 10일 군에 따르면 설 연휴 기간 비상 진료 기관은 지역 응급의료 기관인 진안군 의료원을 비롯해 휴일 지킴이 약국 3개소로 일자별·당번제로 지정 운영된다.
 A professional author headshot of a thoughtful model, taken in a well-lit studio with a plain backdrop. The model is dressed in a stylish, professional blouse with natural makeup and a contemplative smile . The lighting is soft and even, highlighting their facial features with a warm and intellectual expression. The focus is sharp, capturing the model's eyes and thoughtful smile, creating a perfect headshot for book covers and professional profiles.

* * *

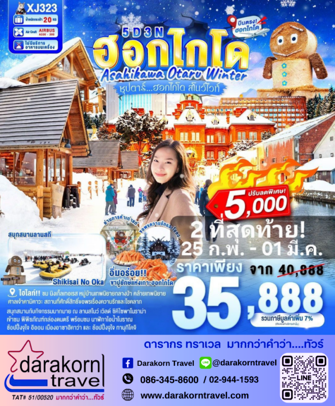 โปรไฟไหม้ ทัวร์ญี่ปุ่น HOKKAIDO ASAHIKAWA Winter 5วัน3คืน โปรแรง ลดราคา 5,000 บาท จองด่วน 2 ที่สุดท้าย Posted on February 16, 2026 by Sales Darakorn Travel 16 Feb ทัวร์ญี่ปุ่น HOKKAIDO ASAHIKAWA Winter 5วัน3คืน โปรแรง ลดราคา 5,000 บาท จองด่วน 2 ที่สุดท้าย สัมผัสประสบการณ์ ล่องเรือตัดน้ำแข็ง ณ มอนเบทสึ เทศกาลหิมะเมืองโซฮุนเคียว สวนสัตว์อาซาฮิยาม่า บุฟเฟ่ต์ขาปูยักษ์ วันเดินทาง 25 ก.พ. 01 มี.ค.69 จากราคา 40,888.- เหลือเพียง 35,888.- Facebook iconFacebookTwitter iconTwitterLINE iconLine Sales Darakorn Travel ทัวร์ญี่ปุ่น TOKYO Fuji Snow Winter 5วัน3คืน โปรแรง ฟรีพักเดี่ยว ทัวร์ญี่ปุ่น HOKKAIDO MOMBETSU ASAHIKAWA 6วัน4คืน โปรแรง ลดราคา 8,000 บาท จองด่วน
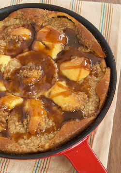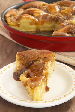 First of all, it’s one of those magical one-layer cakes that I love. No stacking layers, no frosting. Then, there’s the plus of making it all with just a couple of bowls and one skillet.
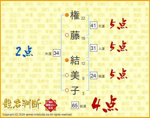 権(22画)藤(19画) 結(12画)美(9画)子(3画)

* * *

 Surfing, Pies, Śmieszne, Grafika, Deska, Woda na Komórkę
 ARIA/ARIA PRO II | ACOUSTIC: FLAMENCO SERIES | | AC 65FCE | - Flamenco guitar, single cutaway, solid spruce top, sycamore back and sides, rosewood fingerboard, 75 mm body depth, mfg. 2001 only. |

* * *

## Work required:
Keep both end lines and retype everything in the records above from the line containing "10일 군에 따르면 설" through the line containing "A professional author", exactly, with nothing else.

## Exercise answer:
 10일 군에 따르면 설 연휴 기간 비상 진료 기관은 지역 응급의료 기관인 진안군 의료원을 비롯해 휴일 지킴이 약국 3개소로 일자별·당번제로 지정 운영된다.
 A professional author headshot of a thoughtful model, taken in a well-lit studio with a plain backdrop. The model is dressed in a stylish, professional blouse with natural makeup and a contemplative smile . The lighting is soft and even, highlighting their facial features with a warm and intellectual expression. The focus is sharp, capturing the model's eyes and thoughtful smile, creating a perfect headshot for book covers and professional profiles.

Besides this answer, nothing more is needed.